Misinformation and myths about the amount of protein a person needs per day leave everyone wondering, vegans included, if they're eating sufficient protein. A wholesome vegan diet that includes legumes, vegetables, whole grains, seeds, nuts, and fruits fulfills the requirements for protein without much effort, since plant-based proteins check the box just as well as animal-derived ones do. All of these recipes are also vegan if you skip the optional sour cream or cheese topping the recipe suggests.
Remember that the recommended daily average protein intake for an adult woman is barely 46 grams and 56 grams for a man (which varies somewhat depending on your weight). These recipes are in descending order of protein content per serving, so for more protein, start at the top of the list.
Textured Vegetable Protein (TVP) is commonly used in vegan and vegetarian recipes and it's a good source of protein. It is a soy product so it isn't suitable for all diets, but if you don't have soy allergies it's a good choice when you need to add texture to your vegan preparations. With an outstanding 34 grams of protein per serving, this vegan chili has a wonderful texture and is hearty and filling, perfect for a cold day. You can make it more or less spicy by varying the amount of cayenne pepper or red pepper flakes. Serving it with plain toasted baguette or crackers can help tone down the heat.
Kidney beans and tofu provide a one-two punch of protein (31 grams per serving). This recipe also includes mushrooms and bell peppers, which you don't see in many chili recipes. Use brown rice as a side dish for an extra 5 grams of protein per cooked cup of the grain and you'll get a filling a nutrient-dense dish that is also high in fiber.
This chili uses both beans and tempeh to provide 28 grams of protein per serving. Tempeh is a protein food made from fermented soybeans and other grains like barley. It is more flavorful than tofu, and when diced into the chili, it makes for an easy meat substitute. Tempeh has a firmer texture so it's easier to handle when grilling or pan-frying it, but some brands contain gluten. If you want a gluten-free recipe, you'll need to look for gluten-free tempeh.
Lentils have a meaty flavor that is impossible to resist. Filling and full of texture and body, this type of legume is fantastic in soups and also great when grounded for meat-less patties. This soup is low in fat but high in protein (21 grams of protein per serving). The recipe calls for lemon juice, thyme, and bay leaf to perk up the flavor and it's a satisfying bowl to enjoy in cold weather. Some slices of avocado pair well with the flavors and croutons for some crunch are irresistible.
If you're making chili for someone who might miss meat, or if you're craving a thick hearty soup, this recipe calls for Smart Ground, a product that tastes and acts similar to ground beef, but has less fat and also zero cholesterol. Filled with vegetables, this recipe is very forgiving and you can't go wrong by adding more. With substantial protein content (21 grams of protein per serving), it can be served with rice or soft corn tortillas or spread with vegan sour cream or vegan cream cheese for extra indulgence.
Sweet potatoes and carrots play against the spiciness of the chili powder in this high-protein vegetarian chili recipe (19 grams of protein per serving). You can also make this gluten-free by choosing a gluten-free vegetable broth or making the broth yourself. You'll get a big burst of vitamin A and plenty of vitamin C and iron. When served with a cup of cooked quinoa, you add an extra 8 grams of protein.

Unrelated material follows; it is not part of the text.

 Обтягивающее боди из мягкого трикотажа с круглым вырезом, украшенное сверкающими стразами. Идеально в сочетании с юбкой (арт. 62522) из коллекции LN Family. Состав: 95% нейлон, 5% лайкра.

This easy crockpot chili has lots of veggies, so If your summer garden is producing a bounty, you could make this soup and freeze portions to enjoy in the weeks to come. You'll enjoy a big blast of vitamins A and C and a high protein punch (15 grams of protein per serving). Just put the ingredients together, turn on the crockpot, go to sleep, and wake up to a house filled with the smell of this aromatic dish.
By using canned beans and prepared salsa, you can put this black bean soup together in the time it takes to heat it up on the stovetop. If you've got both in the pantry or refrigerator, you're just a few steps away from a quick high-protein vegetarian or vegan meal (14.5 grams of protein per serving). Crush some corn tortillas on top, or use a spoonful of guacamole for creaminess, and this dish will constantly appear on your weekly menu. Simple, fast, and healthy!

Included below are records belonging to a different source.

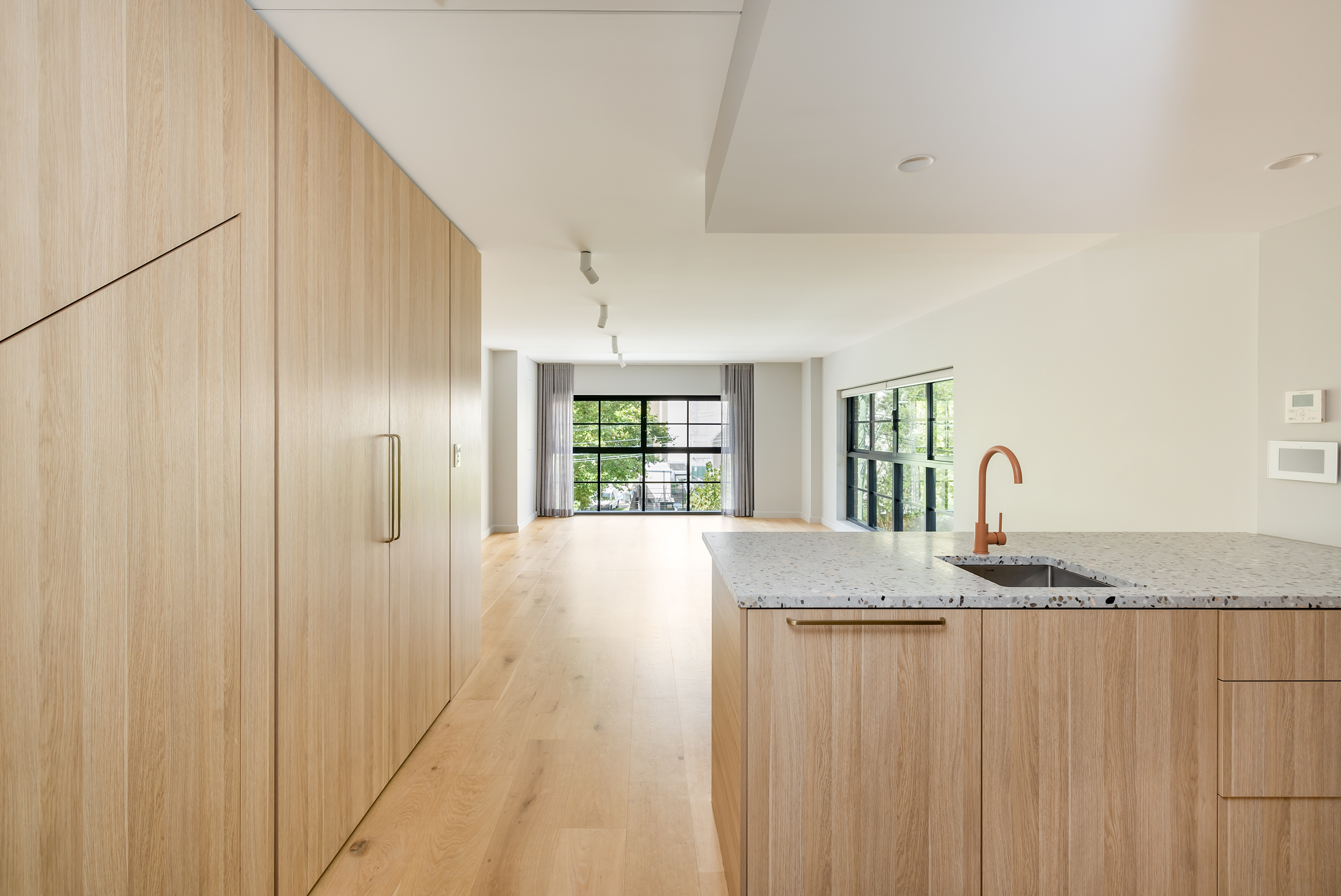 - Oak floorboards t/out, terrazzo benchtops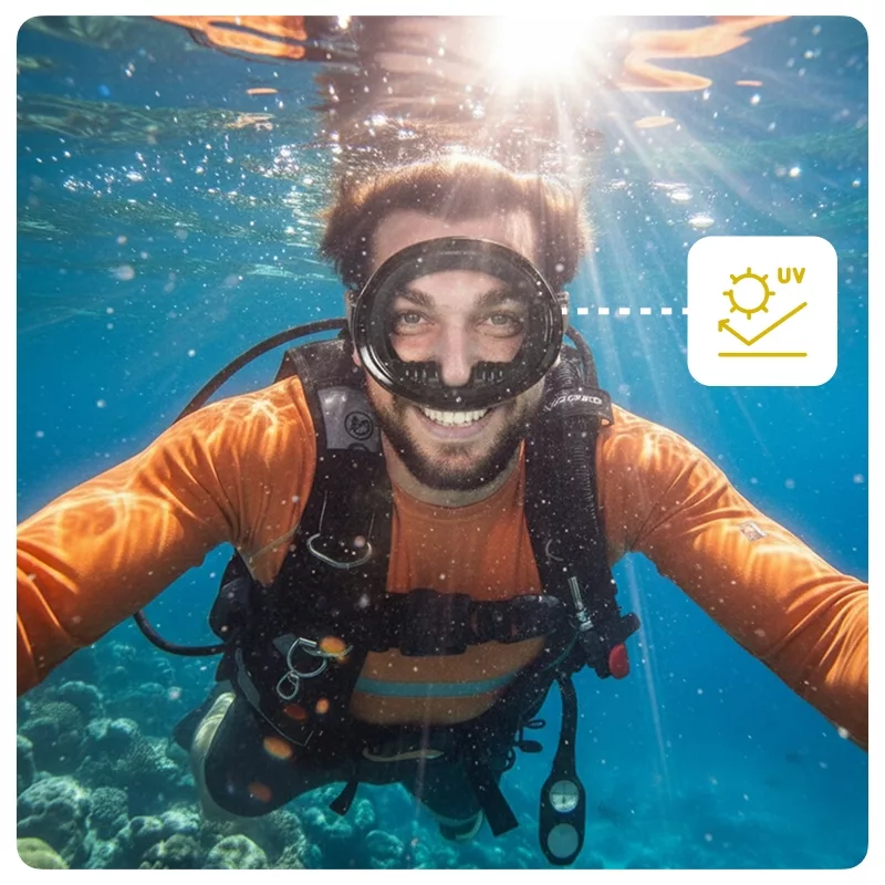 Endelig kan jeg svømme under vandet uden at bekymre mig om lækager! Linsen forbliver altid klar, let at rengøre, blød mod huden.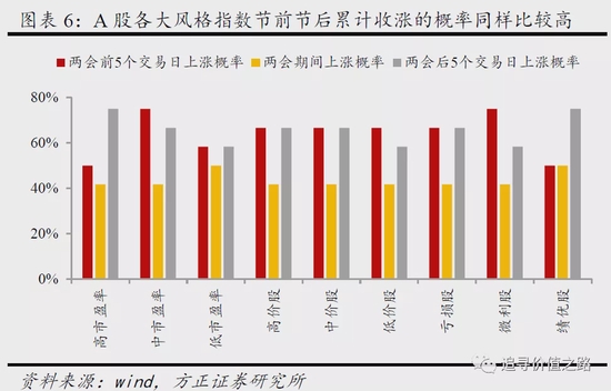 从各风格指数涨跌幅的绝对值数据来看,两会前低市盈率、亏损股表现较好,两会期间绩优股、低市盈率股相对占优,两会后高市盈率股、亏损股涨幅居前。具体来看,两会前5个交易日里中价股、低市盈率股、亏损股累计涨幅中位数分别为2.4%、1.8%和1.3%,大幅居前。两会期间绩优股风格累计涨幅中位数为0.2%,好于其他风格指数,此外低市盈率股风格同样相对抗跌。两会结束后5个交易日里中价股、高市盈率股和亏损股累计涨幅中位数分别为2.6%、2.3%和2.2%,相对占优。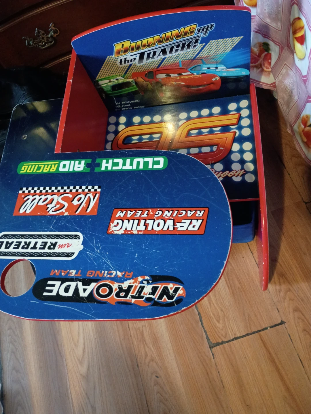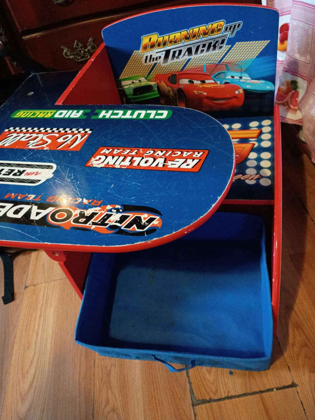 This kids' storage shelf features designs from Disney's Cars movie. It has a "Burning Up the Track!" theme with Lightning McQueen and other characters. It includes a blue fabric storage bin.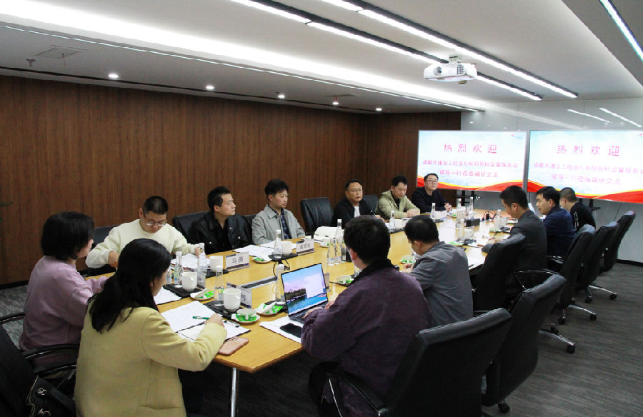 3月27日下午,成都市建设工程造价和招投标监督服务站(以下简称“市造价站”)站长王亮、副站长周虹和相关业务科室人员一行莅临鹏业调研交流。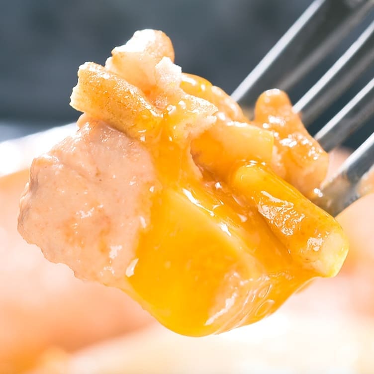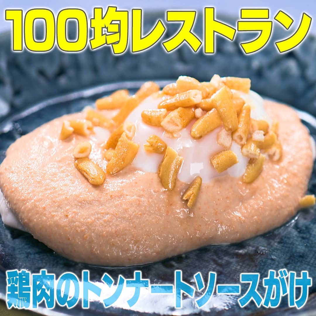 ②サラダチキン(1袋)を食べやすい大きさにカットし半熟卵を乗せ、トンナートソースをたっぷりかける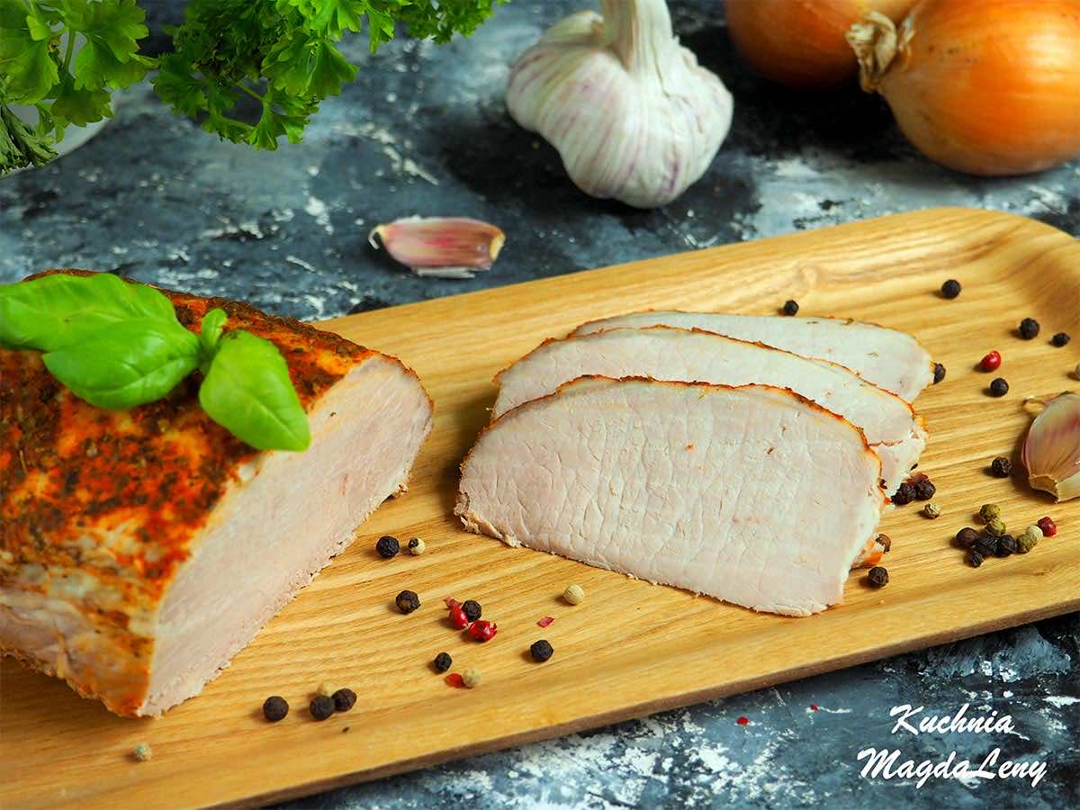 Schab pieczony w maślance z dodatkiem cebuli oraz czosnku.

Dhal or dal is a soup based on lentils, beans or peas, a staple of many cuisines in South Asia. There are as many variations on dhal as there are people, seemingly, because each family has a favorite take on this traditional dish. Enjoy the flavors of turmeric, cayenne, cumin, and cloves—all very aromatic and also anti-inflammatory foods. It has a reasonable protein count (4 grams of protein per serving) and is usually served with roti, naan, or rice. You'll be using your bread to clean up every last drop!
If you'd like a non-fat vegan soup, look no further. Made with carrots, potatoes, and celery, this curried split pea soup recipe is also a good source of vitamins A and C. It's filling and low in calories, good for those who are trying to watch their weight, but also contains a good amount of protein (3 grams of protein per serving), especially if served with 3 ounces of grilled tofu for an extra 8 grams of protein.